The state of Telangana is relatively new, having emerged officially on 2nd June 2014, after its separation from the state of Andhra Pradesh. Telangana was once part of the Hyderabad state that existed from 1724 and 1948, dissolving a year after India gained its independence. Before and throughout the British Raj, a former monarch of the state of Hyderabad, Nizam of Hyderabad, ruled the region of present-day Telangana. Upon the dissolution of Hyderabad state, Telangana merged with the state of Andhra, forming Andhra Pradesh. The states of Telangana and Andhra Pradesh will share the capital city of Hyderabad for a period of ten years.
Telangana’s heritage is an affluent mix of the traditions of Telugu, Mughal Empire and the Nizam monarchy.

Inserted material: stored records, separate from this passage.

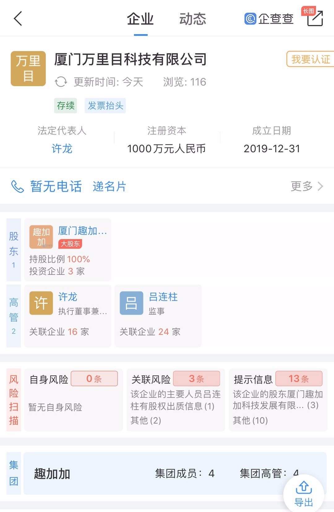 企查查显示,厦门万里目科技有限公司(下称“万里目”)成立于2019年12月31日,政策资本1000万元人民币,法定代表人许龙。透过股权结构发现,厦门趣加加科技发展有限公司是万里目大股东,持股100%。
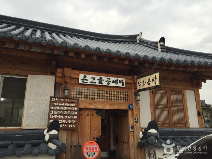 온고을 공예방은 전주 한옥마을에 있는 압화(꽃 누르미)를 전문적으로 취급하는 공방이다. 자연의 아름다움 중에서 으뜸이라고 할 수 있는 꽃은 그 찬란함에 비해 계절적이고 순간적인 생명체이지만 물리적인 방법이나 약품 처리를 하는 등의 인공적인 기술로 누름 건조한 후 회화적인 느낌을 강조하여 구성한 것을 압화(pressed flower)라고 한다. 그래서 압화는 꽃을 평면으로 말리기 때문에 조형성이 적은 반면, 다양한 매력을 갖고 있기 때문에 압화로 된 한 송이 작은 들꽃은 카드, 편지지, 액세서리, 액자용 그림, 전등갓 등 다양한 생활용품과 어울려 훌륭한 장식품이 될 수 있다.
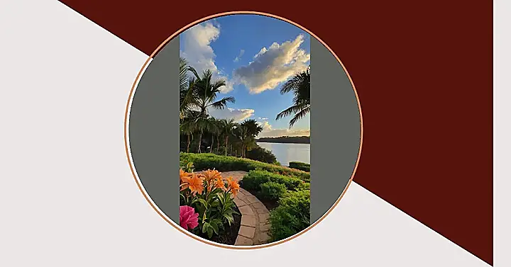This picture makes me want to pack my bags and head to a tropical paradise! Just imagine yourself strolling down that stone path, the warm sun on your face and the gentle breeze rustling the palm trees. The flowers are bursting with color, adding a splash of cheer to the already beautiful scene. You can almost hear the waves crashing softly on the shore in the distance, inviting you to take a dip in the crystal-clear water.
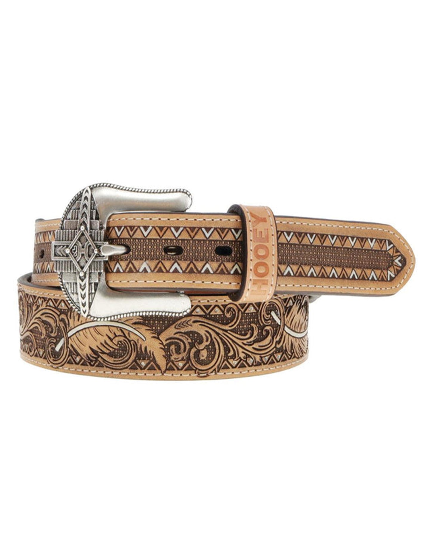 This Hooey original men's belt features natural leather, detailed feather and filigree embossed with brown and ivory accents.
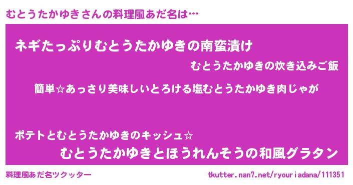 | ヘコむあだ名 | 『むとうたかゆき(震え声)』『むとにゅー』 |
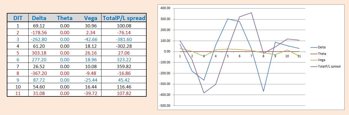 En los 11 primeros días del trade (Days In Trade), la estrategia se comportó como se muestra en la siguiente imagen. En ella, se puede ver cómo se fabrica cada dólar de beneficio o pérdida por cada una de las principales griegas que intervienen en la valoración de las opciones: Delta (exposición al movimiento del precio), Vega (exposición a la volatilidad) y Theta (exposición al paso del tiempo). Por ejemplo, el día 4 hizo $61.20 por delta, $0 por theta y $18.12 por vega, que acumludos estos valores al beneficio/pérdida de los días anteriores dio como resultado $ -302.28 de pérdida.
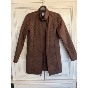 Columbia XCO size small women’s brown coat with a detachable lining. 2 jackets in one. Buttons and zips. Inner jacket just zips. Measures 19” from armpit to armpit and 33” long.

In the 3rd century BCE and 11th century CE respectively, the Satavahana dynasty and Kakatiya dynasty were dominant Telugu rulers of the Telangana region. It was during these periods that the Hindu language, religion, arts and culture flourished. The region of Telangana was ruled by a multitude of Indian, Turkish Muslim and Persian dynasties before the Mughal Empire came into power in the early 16th century. Telangana has amassed the traditions of various cultures before Mughal emperors, known for their adoration of the arts, popularised traditional techniques and patterns. For generations, expert weavers local to Telangana have perpetuated the traditions of the craft, and continue to do so today.

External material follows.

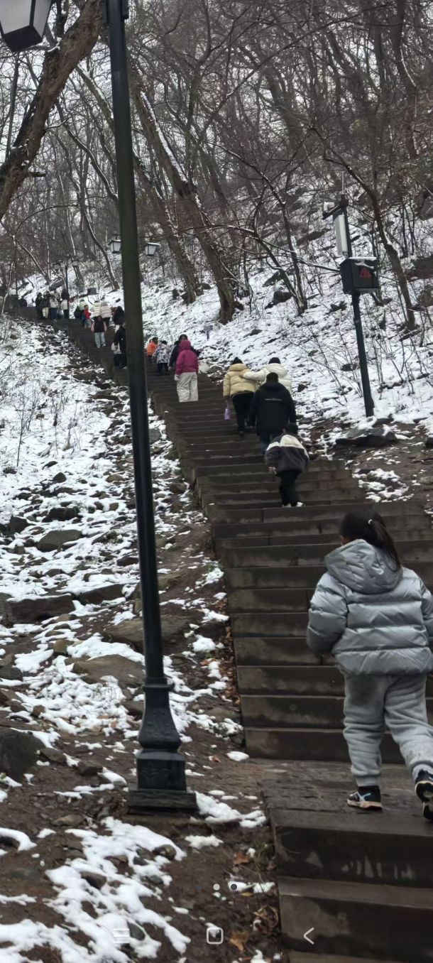 恰逢元旦佳期,游人纷至沓来,携伴登高踏雪,赏此冬日盛景。欢声笑语漫过石阶,暖意融融驱散寒意。
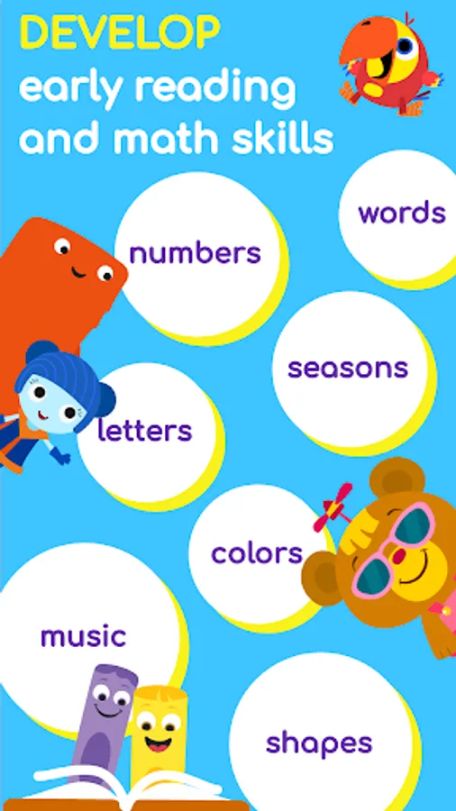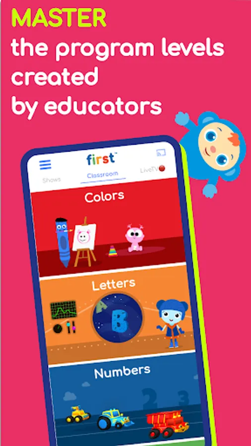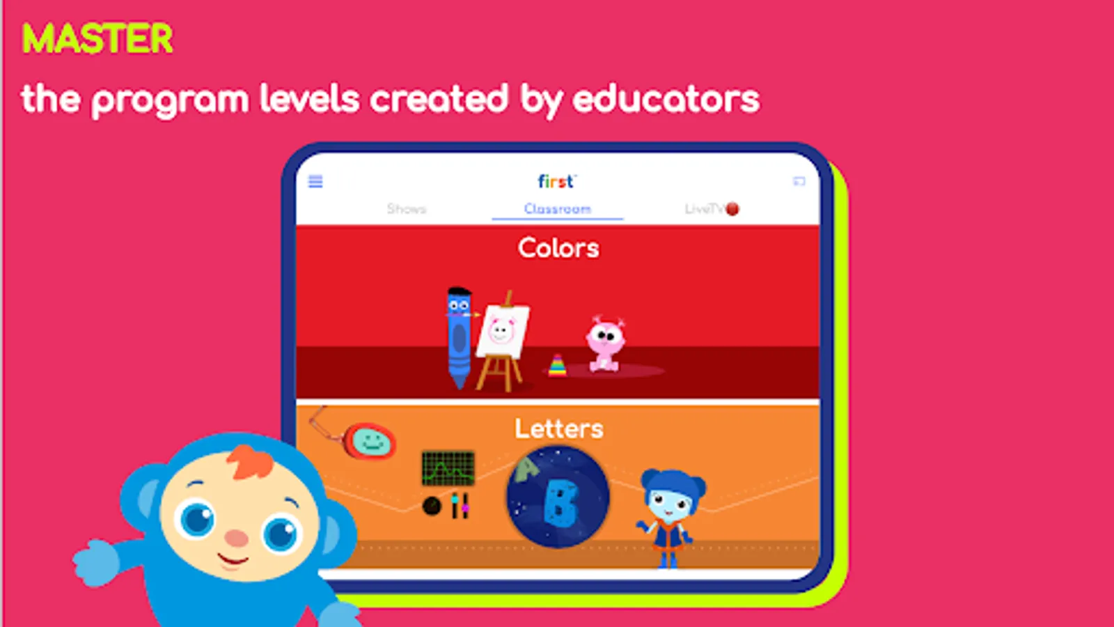 First can develop strong preschool foundations for the future and assist parents anytime and anywhere. We suggest content for daily routines, including features such as educational and fun Songs, Sleepytime to assist in baby's sleep, Books, and Classroom - where your child can learn the school curriculum milestones with games on the Letters ( ABC ), Numbers, Shapes, Colors, Season and Vocabulary.

Though Telangana encompasses its own diversity of rich cultural history, part of this tradition stems from its shared history with Andhra Pradesh, in geographical, cultural and linguistic terms. The Nalgonda district, which was once part of Andhra Pradesh, is home to a myriad of villages. For generations skilled artisans and weavers have continued to reside in these villages and practise traditional textile arts. For instance, Pochampally, Gadwal and Venkatagiri (the latter in Andhra Pradesh) continue to produce fascinating traditional and contemporary Kalamkari printed and ikat woven products.
The government in Telangana has recently announced a separate policy for handloom weavers that ensures the livelihood of the traditions of Indian heritage.